> WORK TASK
Exclude all pictures, and reproduce exactly the lines from the one containing "아래 이미지를 참고하여 'Open AVD Manager'를 선택합니다." through the end of the records, with nothing else added.

DATA section start

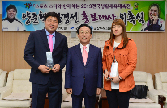 29일 경북도청 회의실에서 열린 홍보대사 위촉식에서 양준혁 위원과 황경선은 대축전의 성공개최를 위해 적극 힘쓸 것을 다짐했다.
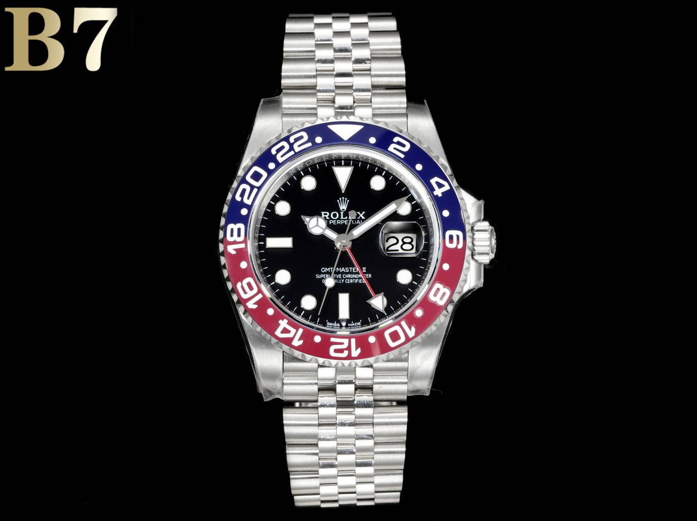 Made of genuine 904L steel, the ceramic platinum font ring mouth formed in one piece is consistent with the genuine product. The all-new 3285 integrated movement. Synchronize genuine GMT needles by adjusting the time and calendar in both forward and reverse directions, with universal original accessories. 904L steel case bracelet, sapphire mirror, super luminous, two-way ceramic rotating bezel, folding clasp
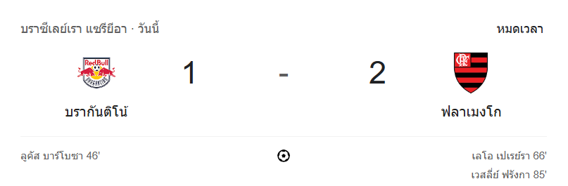 ผลบอลบราซีเลย์รู แซรียีอา บรากันติโน้ เปิดรังโดน ฟลาเมงโก รัวแซง 2-1 – ดราม่าเข้มข้น นาทีท้าย!
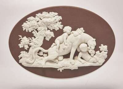 A Wedgwood Black Jasperware "Bacchanalian Boys and Panther" Plaque, UK, 2008
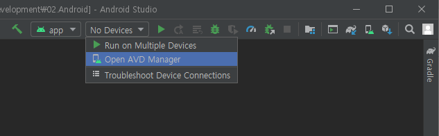 아래 이미지를 참고하여 'Open AVD Manager'를 선택합니다.
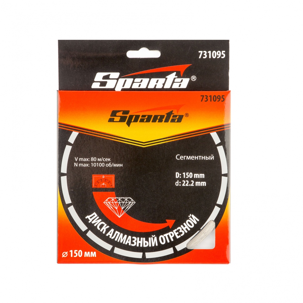 Диск алмазный отрезной сегментный Sparta 731095, 150 х 22,2 мм, применяется для сухой резки бетона, камня, шлакоблока, тротуарной плитки и кирпича. Устанавливается на углошлифовальные машины с посадочным диаметром 22,2 мм. Оптимален для решения бытовых задач. Благодаря высокому рабочему ресурсу диск подходит для интенсивной работы.ПреимуществаСегментное строение диска способствует активному отведению тепла и пыли, поэтому водяное охлаждение не требуется.Режущая кромка шириной 7 мм обеспечивает хорошее качество и скорость реза.Рабочий слой нанесен методом холодного прессования, благодаря чему диск характеризуется износостойкостью.

DATA section end

> FINISHED TASK
 아래 이미지를 참고하여 'Open AVD Manager'를 선택합니다.
 Диск алмазный отрезной сегментный Sparta 731095, 150 х 22,2 мм, применяется для сухой резки бетона, камня, шлакоблока, тротуарной плитки и кирпича. Устанавливается на углошлифовальные машины с посадочным диаметром 22,2 мм. Оптимален для решения бытовых задач. Благодаря высокому рабочему ресурсу диск подходит для интенсивной работы.ПреимуществаСегментное строение диска способствует активному отведению тепла и пыли, поэтому водяное охлаждение не требуется.Режущая кромка шириной 7 мм обеспечивает хорошее качество и скорость реза.Рабочий слой нанесен методом холодного прессования, благодаря чему диск характеризуется износостойкостью.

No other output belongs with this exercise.